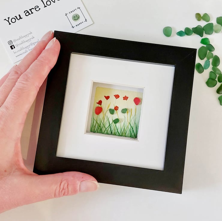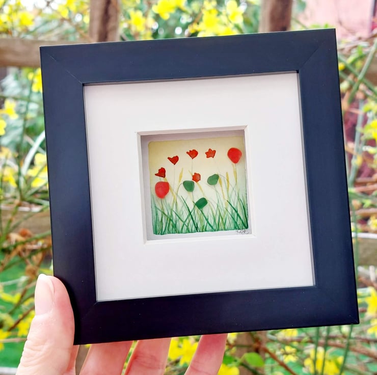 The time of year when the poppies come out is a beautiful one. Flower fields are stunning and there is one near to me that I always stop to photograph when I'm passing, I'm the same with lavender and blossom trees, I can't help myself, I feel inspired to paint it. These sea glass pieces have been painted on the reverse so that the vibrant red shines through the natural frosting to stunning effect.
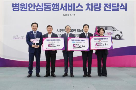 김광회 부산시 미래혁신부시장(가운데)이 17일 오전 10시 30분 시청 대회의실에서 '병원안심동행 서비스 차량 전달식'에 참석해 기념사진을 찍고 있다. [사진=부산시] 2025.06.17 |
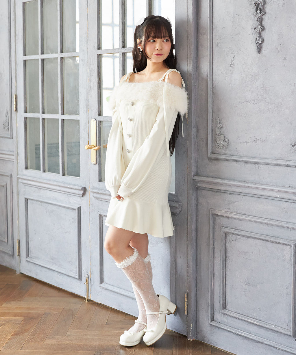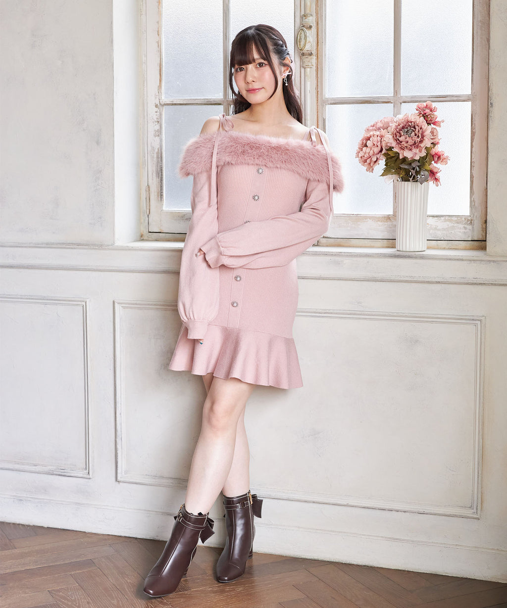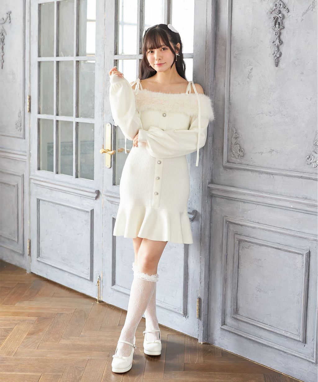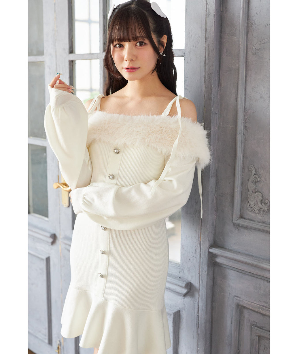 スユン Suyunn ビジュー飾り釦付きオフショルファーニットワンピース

========================

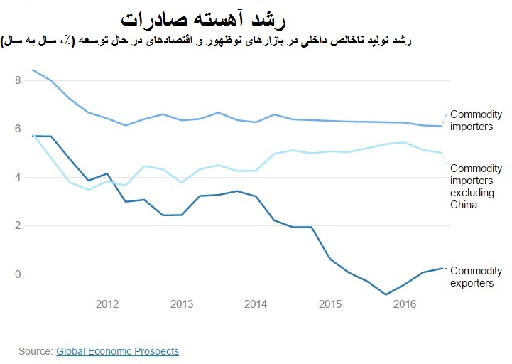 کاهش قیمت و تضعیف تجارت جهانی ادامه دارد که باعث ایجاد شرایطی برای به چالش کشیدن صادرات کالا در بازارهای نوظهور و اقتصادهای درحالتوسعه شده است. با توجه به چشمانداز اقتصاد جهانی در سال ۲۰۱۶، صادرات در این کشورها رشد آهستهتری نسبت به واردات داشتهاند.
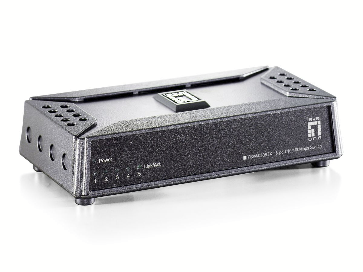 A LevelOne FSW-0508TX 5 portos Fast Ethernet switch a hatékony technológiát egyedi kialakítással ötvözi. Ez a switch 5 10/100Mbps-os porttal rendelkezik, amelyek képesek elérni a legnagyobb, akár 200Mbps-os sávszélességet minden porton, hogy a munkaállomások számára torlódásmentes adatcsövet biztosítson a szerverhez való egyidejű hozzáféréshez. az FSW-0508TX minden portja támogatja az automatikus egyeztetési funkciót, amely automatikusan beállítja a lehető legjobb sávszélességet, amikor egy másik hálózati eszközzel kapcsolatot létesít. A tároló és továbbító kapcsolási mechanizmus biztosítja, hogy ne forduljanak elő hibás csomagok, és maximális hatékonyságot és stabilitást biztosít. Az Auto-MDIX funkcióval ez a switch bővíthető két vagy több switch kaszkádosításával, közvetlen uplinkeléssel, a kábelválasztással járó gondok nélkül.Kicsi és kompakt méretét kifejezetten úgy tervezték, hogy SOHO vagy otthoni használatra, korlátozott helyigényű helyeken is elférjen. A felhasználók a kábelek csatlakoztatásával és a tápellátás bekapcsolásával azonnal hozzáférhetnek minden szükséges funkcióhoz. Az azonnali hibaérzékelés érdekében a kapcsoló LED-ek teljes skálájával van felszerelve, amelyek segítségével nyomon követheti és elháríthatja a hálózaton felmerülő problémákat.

========================

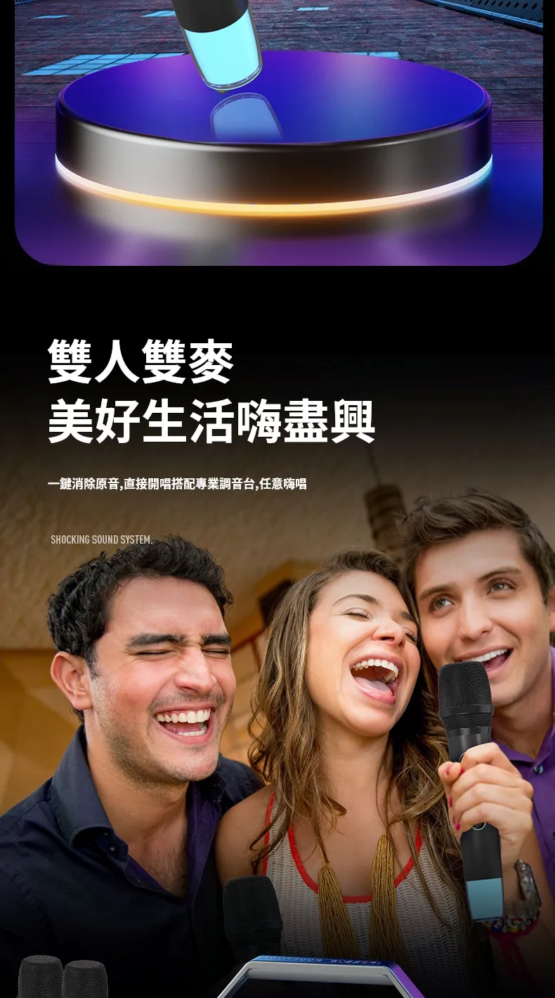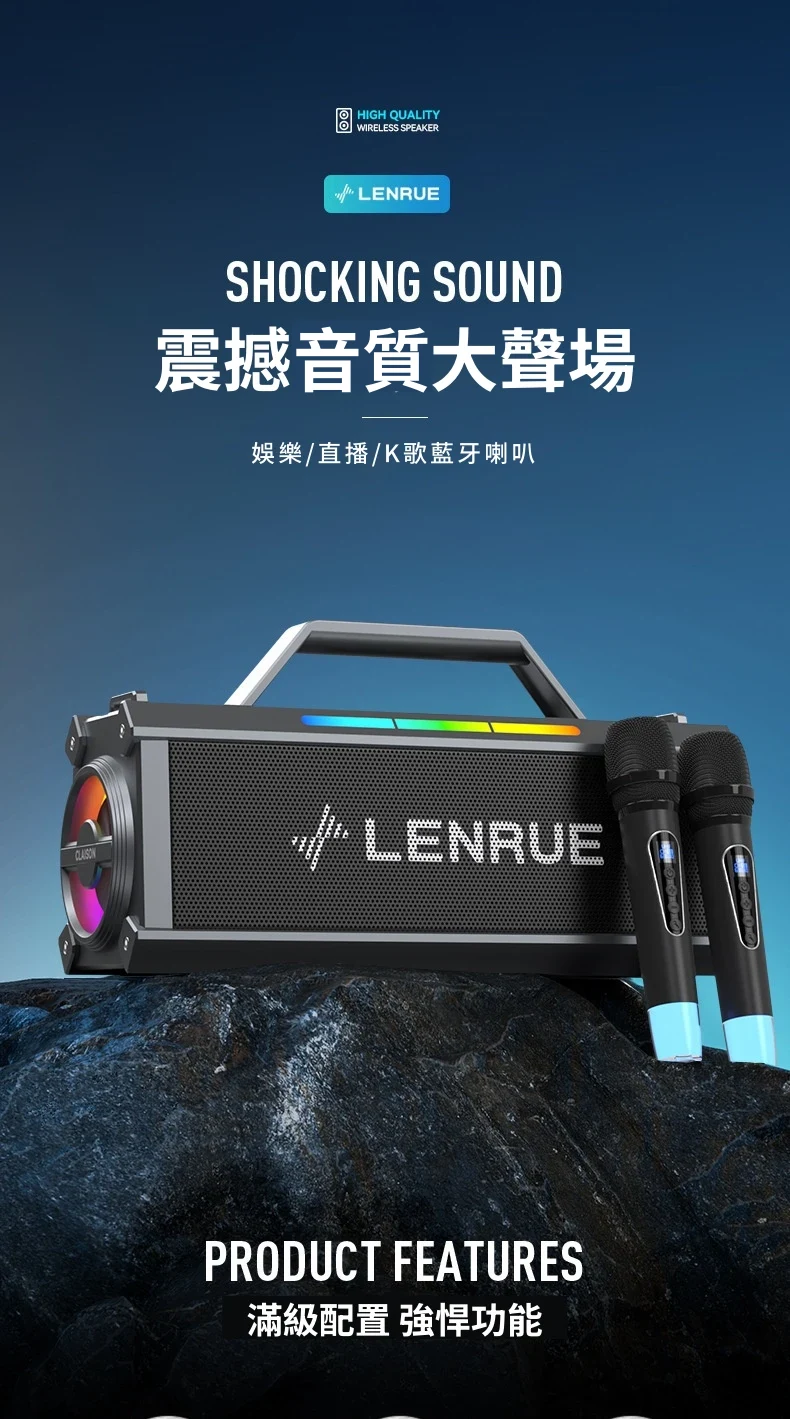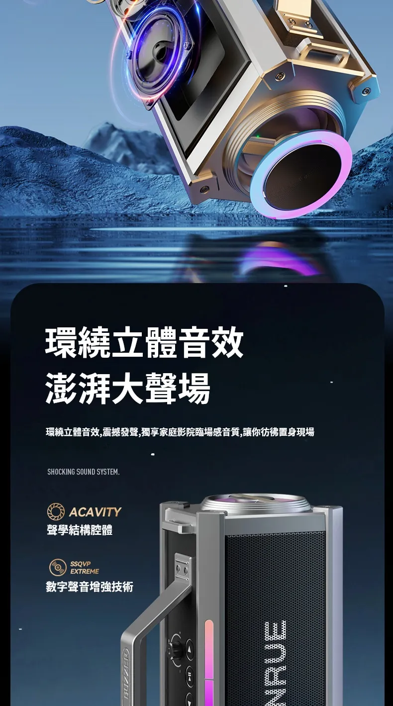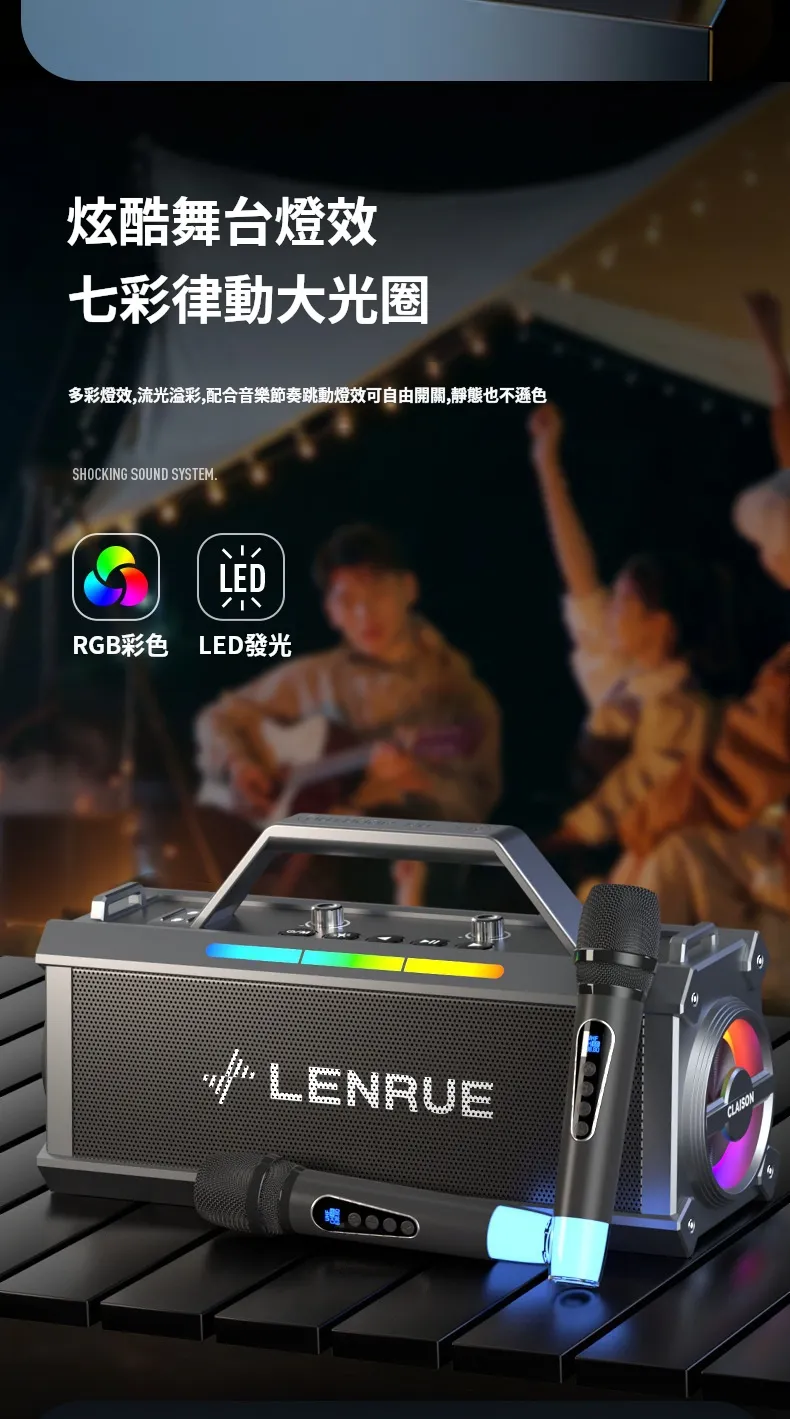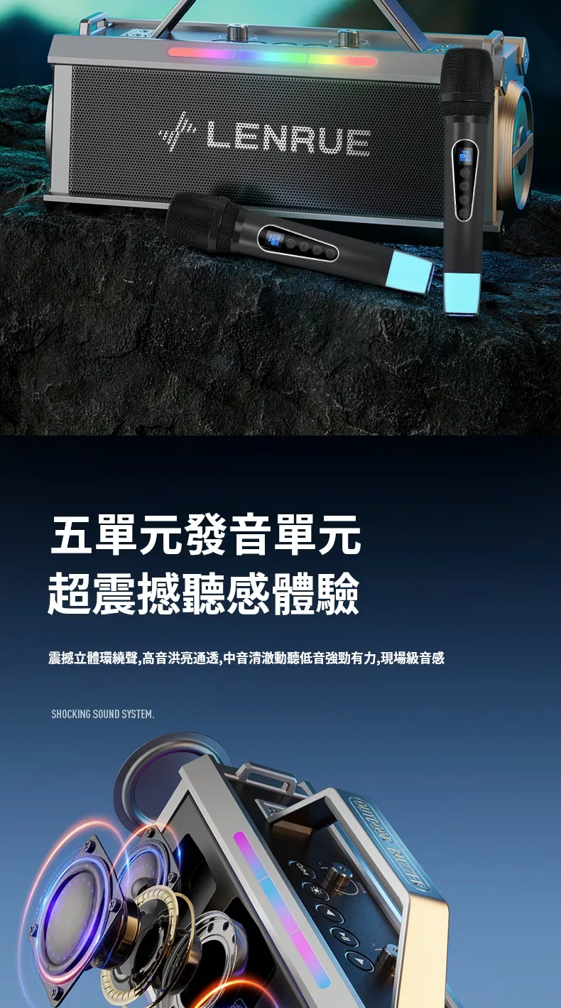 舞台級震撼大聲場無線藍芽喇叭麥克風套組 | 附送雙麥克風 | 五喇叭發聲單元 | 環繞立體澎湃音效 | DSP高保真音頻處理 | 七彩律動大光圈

========================

* Task statement:
Look above for the line with "김광회 부산시 미래혁신부시장(가운데)이" and copy exactly from it through the line with "スユン Suyunn ビジュー飾り釦付きオフショルファーニットワンピース", both included. Omit the pictures.

* Written response:
 김광회 부산시 미래혁신부시장(가운데)이 17일 오전 10시 30분 시청 대회의실에서 '병원안심동행 서비스 차량 전달식'에 참석해 기념사진을 찍고 있다. [사진=부산시] 2025.06.17 |
 スユン Suyunn ビジュー飾り釦付きオフショルファーニットワンピース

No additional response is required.